I went today and bought my first handgun. It is a Glock 23 and I am very anxious to shoot it this weekend. Also, on top of this, it is my first post on the site. I have done a lot of research on this site and lots of other places elsewhere to decide what gun I wanted, and I decided this was the gun. I would like to thank everyone on this site for all of the information that I was provided by searching through all of the posts and I hope that one day I can help others with their decisions like y'all have helped me. I will keep y'all posted on how I shoot with it this weekend, although it probably won't be that impressive for most of y'all since I am new to shooting pistols.


----------



## DJ Niner (Oct 3, 2006)

Start slow, take your time, and you might be surprised at how well you'll do! 
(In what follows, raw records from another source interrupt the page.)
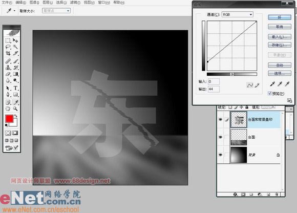 九、在盖印层上,按“ctrl+m”调出曲线对话框,如图调节,得到微微变亮的“东”字。
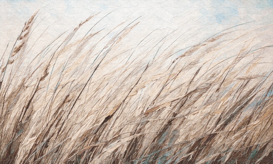 Mural Dekorami Shum 1 przedstawia harmonijną scenę falujących kłosów zboża uchwyconą w subtelnej palecie beżów, brązów i błękitów, które wzajemnie przenikają się na tle rozmytego nieba. Kompozycja zbudowana z dynamicznych linii źdźbeł i delikatnych detali graficznych tworzy iluzję ruchu – jakby wiatr właśnie przeszedł przez polne łany. Mural Dekorami Shum 1 oddaje esencję naturalnej prostoty, łącząc organiczne formy z lekkością pastelowej tonacji. Zastosowanie nieregularnych pociągnięć i tekstury przypominającej płótno sprawia, że mural przywołuje na myśl malarskie płaszczyzny krajobrazowe w stylu impresjonistycznym. Doskonale komponuje się z wnętrzami w stylu skandynawskim, japandi lub rustykalnym. Wzór ociepli przestrzeń, nie dominując jej wizualnie, a jednocześnie wprowadzi element artystycznej narracji..
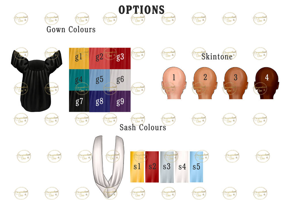 Choose from a selection of hairstyles, hair colours, skin tones, and gown colours for a close likeness to the recipient.
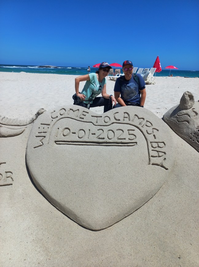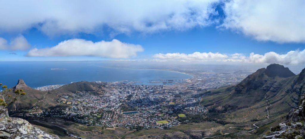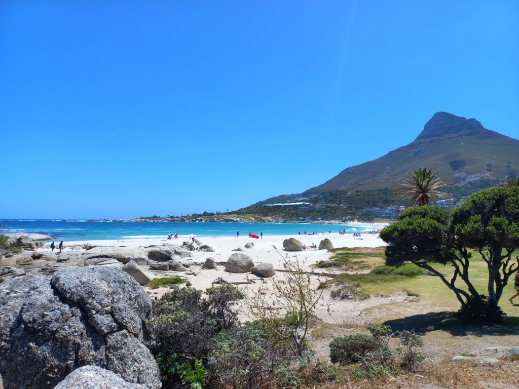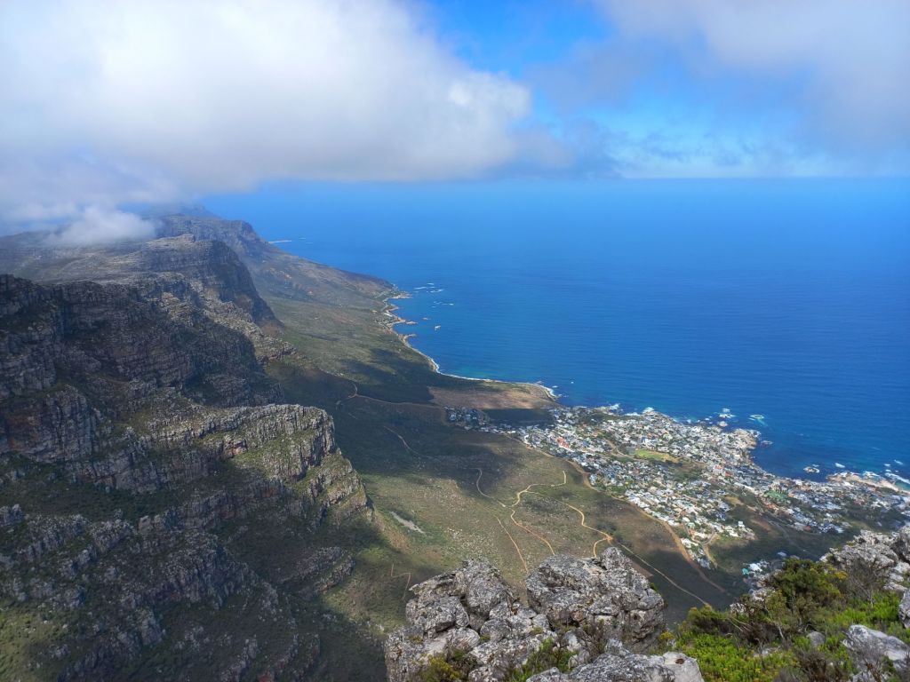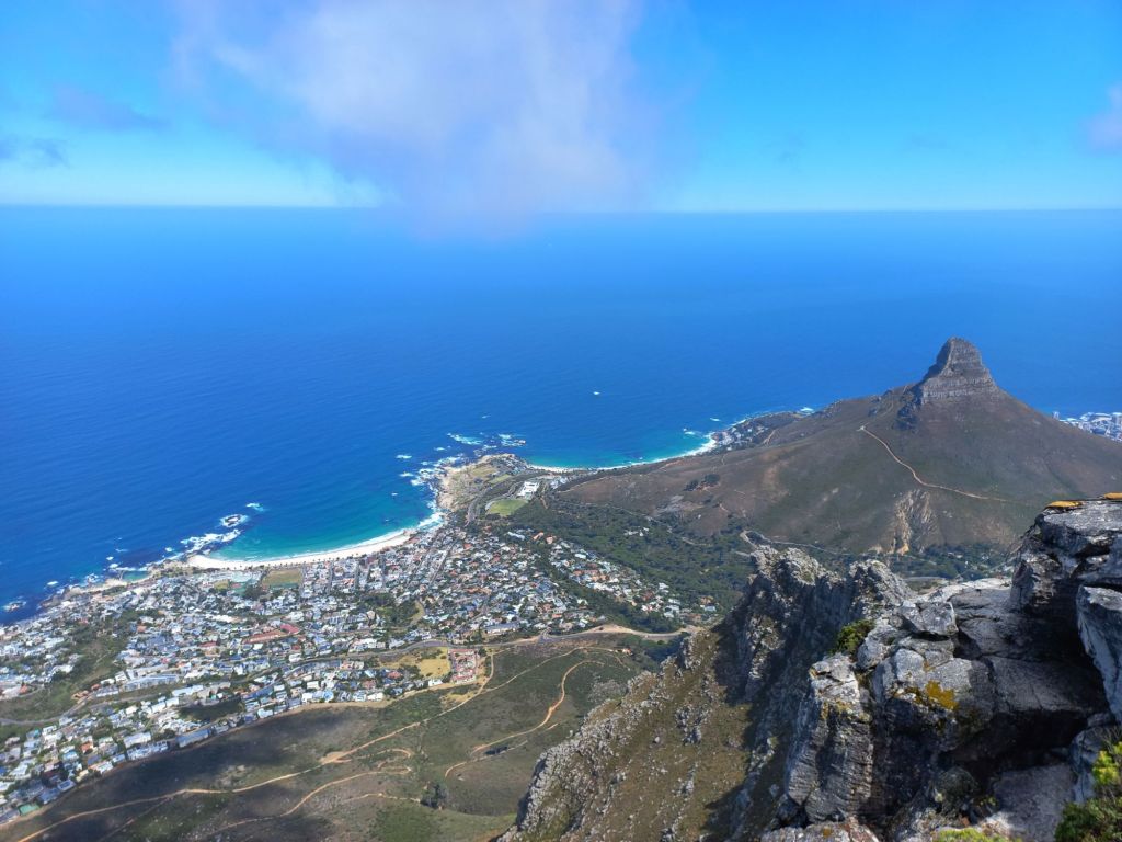 Vom Tafelberg kann man schon unser nächstes Ziel ausmachen, Camps Bay, einer der Traumstrände am Cap.

The Glock trigger is different than most other trigger actions, but the fundamentals are still the same. Hold the weapon firmly, align the sights properly on target, hold them as steady as possible (they ARE going to move around a bit; don't worry about that), and make sure you squeeze the trigger gently ALL the way through the squeeze (especially at the "end" of the squeeze, when the weapon is about to fire). If you do these four things, the bullets should pretty much end up somewhere near the center of the target. If you start seeing low shots on target, take more time with the squeeze. "Pulling", "jerking", or "slapping" the trigger is bad, and will make the weapon move a bit before the bullet leaves the barrel. After you've formed and ingrained good trigger control habits, you will be able to speed up your shooting without jerking and missing the target.

Good luck!


----------



## Mike Barham (Mar 30, 2006)

Welcome aboard!

I can add nothing to *DJ Niner's* excellent post, except that very often the fastest road to real shooting skill is formal training. The NRA is a good start for this, and most areas have other instructors offering more advanced training.

Good luck, and let us know how your new Glock shoots for you.


----------



## rudy (Sep 24, 2007)

il be the first one to say cause it is known Glock wide, welcome to the dark side. i love my Glock 19, im so accurate with it. long live sport shooting. :target:


----------



## Baldy (Jun 21, 2006)

Good advise so far. I also like to tell a new shooter to start with the target at 15 to 20 feet and work back over a little time. The biggest thing is practice safty and enjoy what you are doing. If it wasn't fun I would have quit long ago. Good luck.


----------



## thenanny (Dec 16, 2007)

Thanks for all the advice, i'll take all of that into consideration when I go shoot. i wasn't able to shoot today because I ended up having to work, but hopefully I will be able to this weekend. Thanks again.


----------



## john doe. (Aug 26, 2006)

Congrates! I carry a G23 and am happy with it.


----------



## mc2 (Jan 2, 2008)

Congrats. 

I considered a Glock 23 for my first gun but ended up getting the Sigma SW40VE. Needless to say, i didn't do enough research and unhappy with the heavy trigger. 

I ended up getting a Glock 19 and am very happy with it. Good luck


----------



## Ram Rod (Jan 16, 2008)

Congratulations on all your firsts today!


----------